A year or two back, I had a problem with a computer that I use as a file & print server. It had 6 SATA ports on the motherboard, which I used as follows:
0) boot drive (SSD)
1) BluRay writer
2 – 5) RAID 6 array for data and backups
(for those not familiar with the term, RAID 6 is a method of grouping drives so that they work together as a single large drive, with built in redundancy so that any 2 drives can fail and the data is still intact).
For some reason port 4 & 5 stopped detecting the disk drives attached to them. I solved this by purchasing a PCIe SATA card with 2 internal ports and connected the drives to it instead. This worked until a month ago. After upgrading the operating system (from Debian/Jessie (8) to Debian/Stretch (9)) the add-in card stopped being able to detect the 2 drives attached to it.
After much fiddling about, I discovered that there was nothing apparently wrong with the card or the drives. For some reason, only the first 4 ports (0- 3) could now recognize the hard disk drives, while the last 2 (4 & 5) and the add-in card could recognize the boot drive and the BluRay writer but not a hard drive. Switching the cables around and removing the add-in SATA card and I was back in business.
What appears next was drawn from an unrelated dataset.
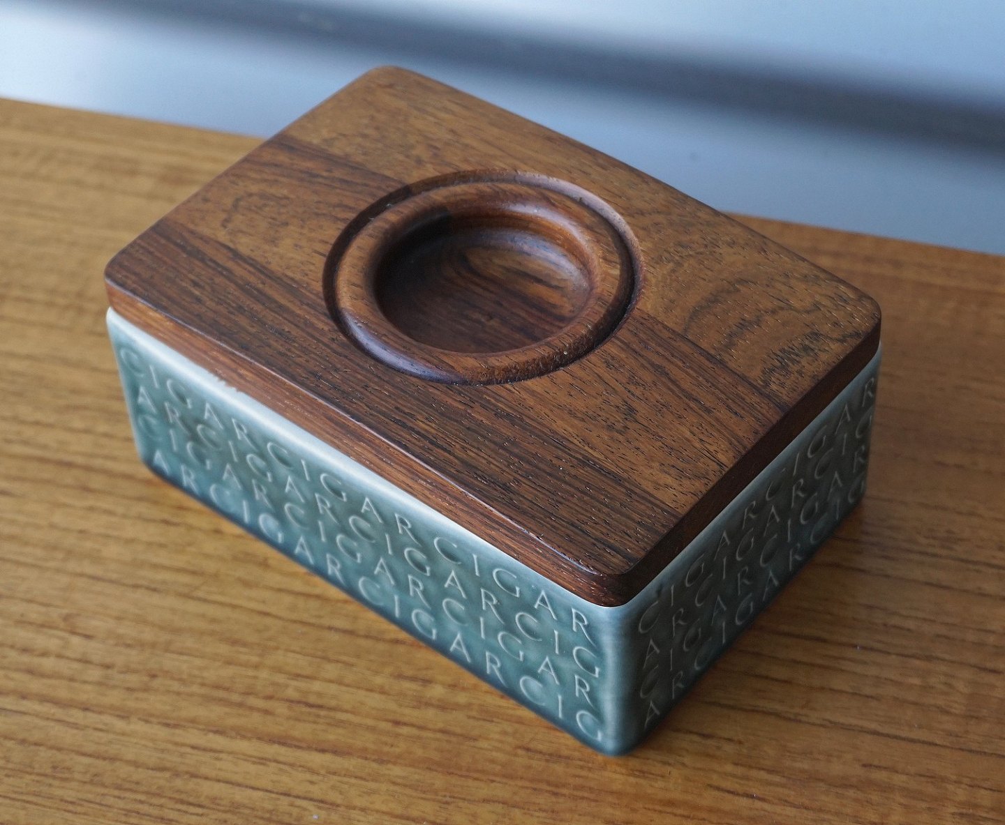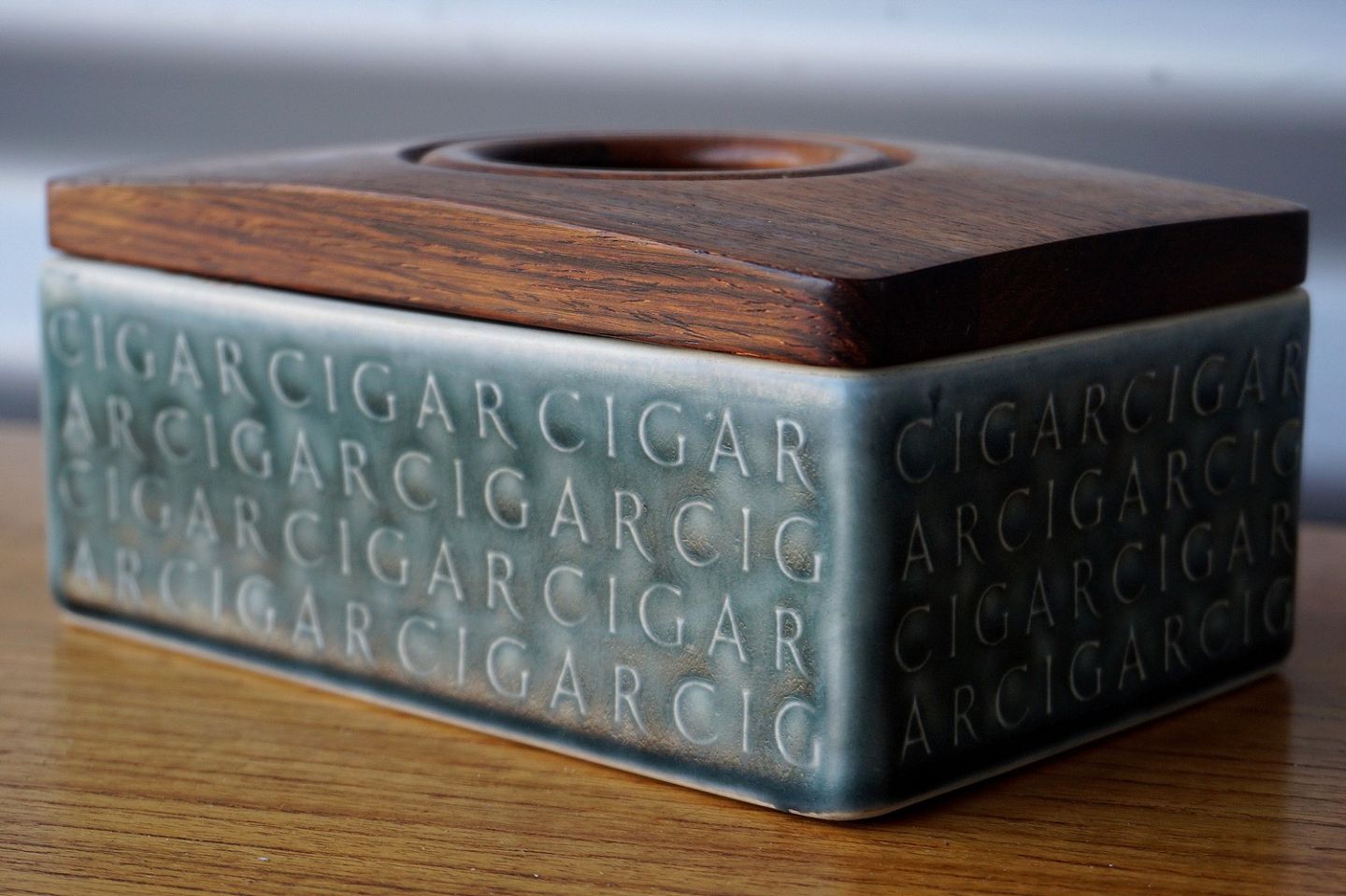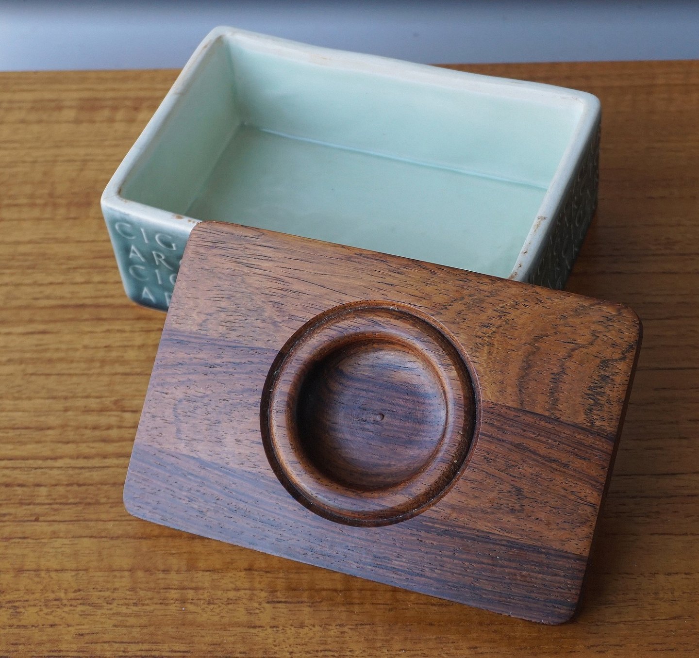 Kronjyden cigarboks. Cigarboks af stentøj med palisanderlåg. IHQ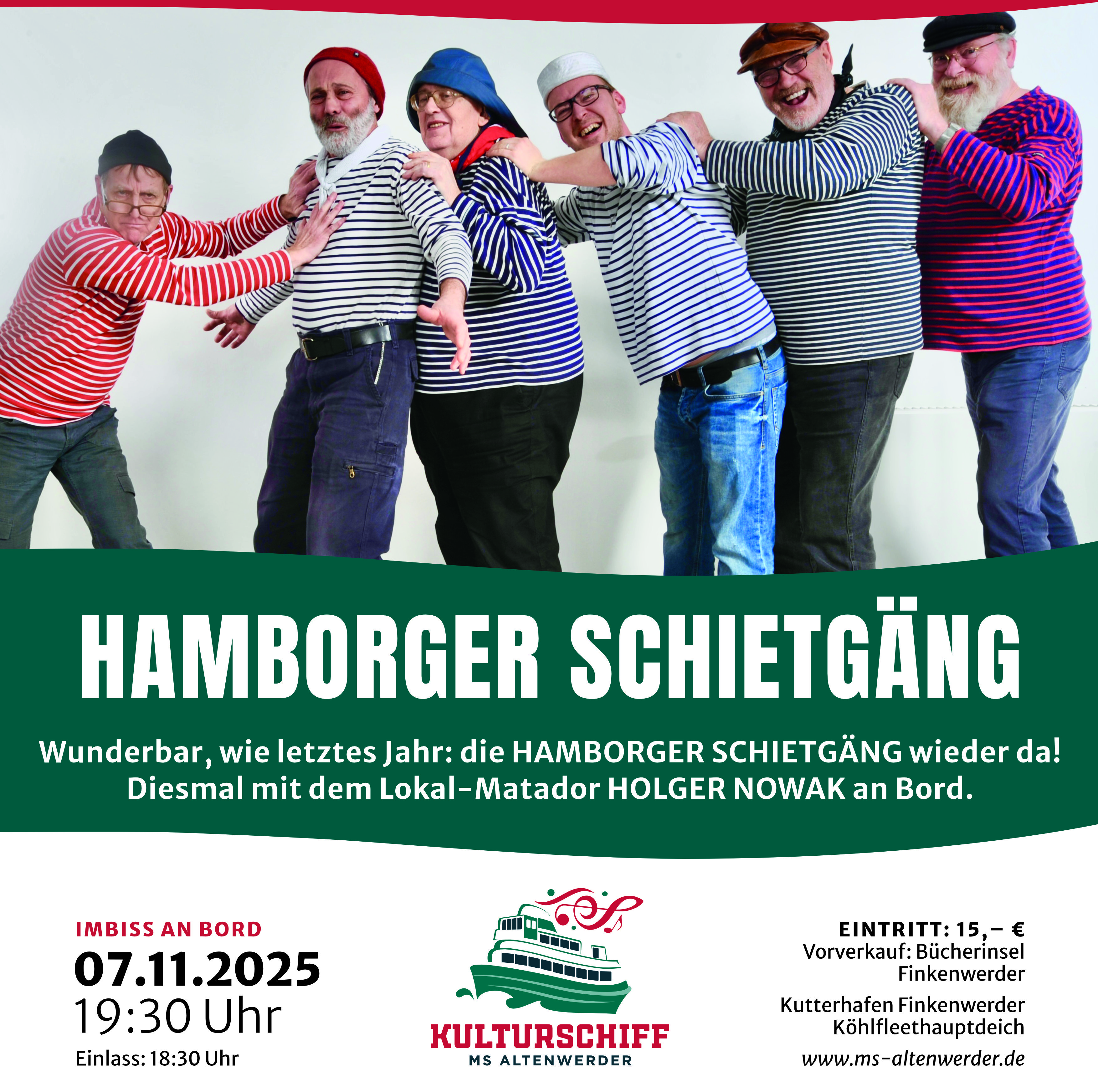 Diesmal mit HOLGER NOWAK an Bord. Präsentiert wird Maritimes Liedgut von gestern & heute von Altona bis Sansibar!

This lasted for almost 2 weeks. Then the computer began emitting intermittent (but frequent) beeps. It also stopped recognizing two of the drives. I eventually traced the beeping to a flaky power supply (replacing it with a new one cured the beeping) but I had to reinstall the add-in card to get all 4 hard drives recognized.
More bizarrely, I couldn’t boot into the latest version of the Linux kernel. I had to boot into the older (Debian/Jessie) kernel, which fortunately was still an option. While not ideal, I was willing to live with it. My server was still doing what it was supposed to do.
That didn’t last long. About a week ago, you guessed it, the two drives attached to the add-in card stopped being recognized.
At this point I concluded that maybe it was time to replace the motherboard. I found a cheap board that could to the job for about $100 (including processor) although I’d have to buy new RAM (the old system used DDR2 while the new board used DDR3) and a 4-port SATA card. Still it seemed like the cheapest solution so I placed the order on canadacomputers.com and asked for the free delivery to my closest store.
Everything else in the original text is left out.